The CIE’s 2014 recommendation mentioned earlier replaced MacAdam ellipses with a circle in the CIE 1976 (u’, v’) UCS.  A rough rule of thumb is that one MacAdam ellipse corresponds to a circle with a radius of 0.0011. Unfortunately, it doesn’t seem that any manufacturers have made this transition.

So, our industry is in a situation where we commonly use a 90 year old first generation diagram that was replaced 61 years ago.  We calculate CCT in a third generation chromaticity diagram that is 45 years old but tweek the math to refer back to a second generation 61 year old diagram.  It’s crazy!  No other industry uses a system this convoluted.

Why am I mentioning this?  I was recently reminded of a paper that was presented at last August’s IES Annual Conference.  Presented by Michael Royer of Pacific Northwest National Laboratory, it proposed using the latest color science to make a fresh start with a single new chromaticity diagram that is very similar to CIE 1976 (u’, v’) where we would calculate CCT, the color temperature bins for LEDs, color differences and the rest.  IES members can access the archived presentation after logging in to the IES website.

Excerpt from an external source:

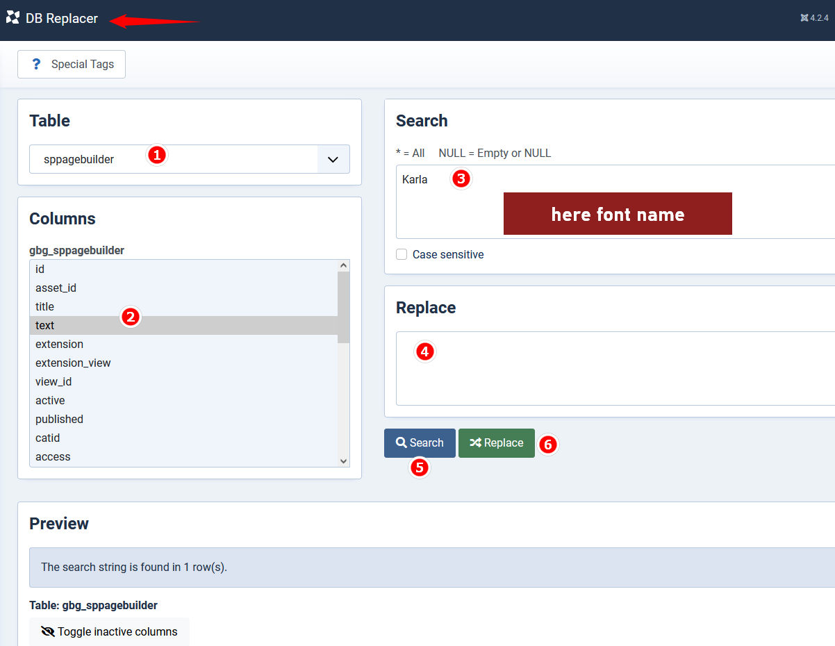 You can also delete font names from a database, for that task, you can use the Free version of DB Replacer (from RegularLabs). In the below example, we searched only inside sppagebuilder Table. An example "Karla" font name. In your case copy the font name from the HTML name and use it inside the Search field and replace it with empty space. Follow 1-6 steps from the screenshot.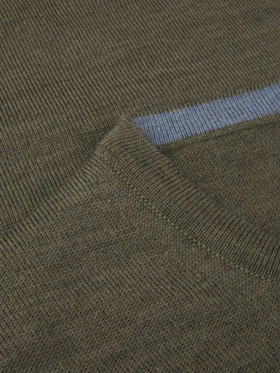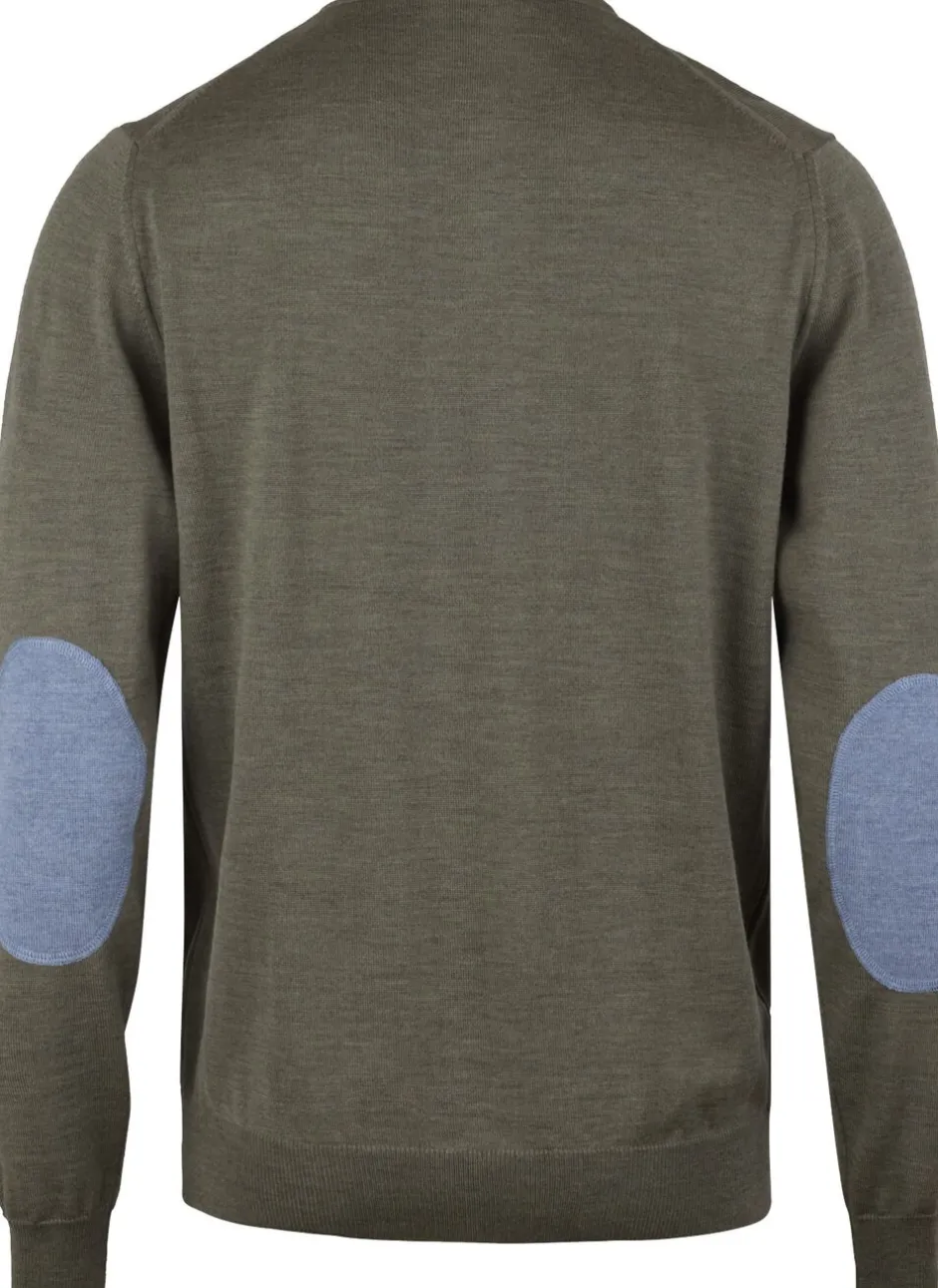 Denne sweater med rund hals er fremstillet i merinould og har albuelapper og ribstrikket hals, manchetter og kant forneden.

Full disclosure, I’m on the IES Task Group that developed this new system.  The Task Group is made up of people in academia, design, manufacturing and research from three countries.  We’ve refined our work since August and expect to publish these refinements soon.  I encourage all of you to look for and learn about this proposal, to attend seminars when available, and to weigh in on this topic.  Would our industry benefit from moving to a unified chromaticity system?  Is this the right one?  How do we educate specifiers and manufacturers?  How do we phase in a new system?  We can all have a voice in bringing the science we rely on into the 21st Century.

References

CIE. (2014). TN 001:2014 Chromaticity Difference Specification for Light Sources. Vienna: International Commission on Illumination.

CIE. (2018). CIE 015:2018 Colorimetry, 4th Edition. Vienna: International Commission on Illumination.

MacAdam, D. (1942). Visual Sensitivities to Color Differences in Daylight. Journal of the Optical Society of America, 32(5), 247-274.

Royer, M. et. al. (2020).  Improved System for Evaluating and Specifying the Chromaticity of Light Sources. In: Illuminating Engineering Society Annual Conference 2020.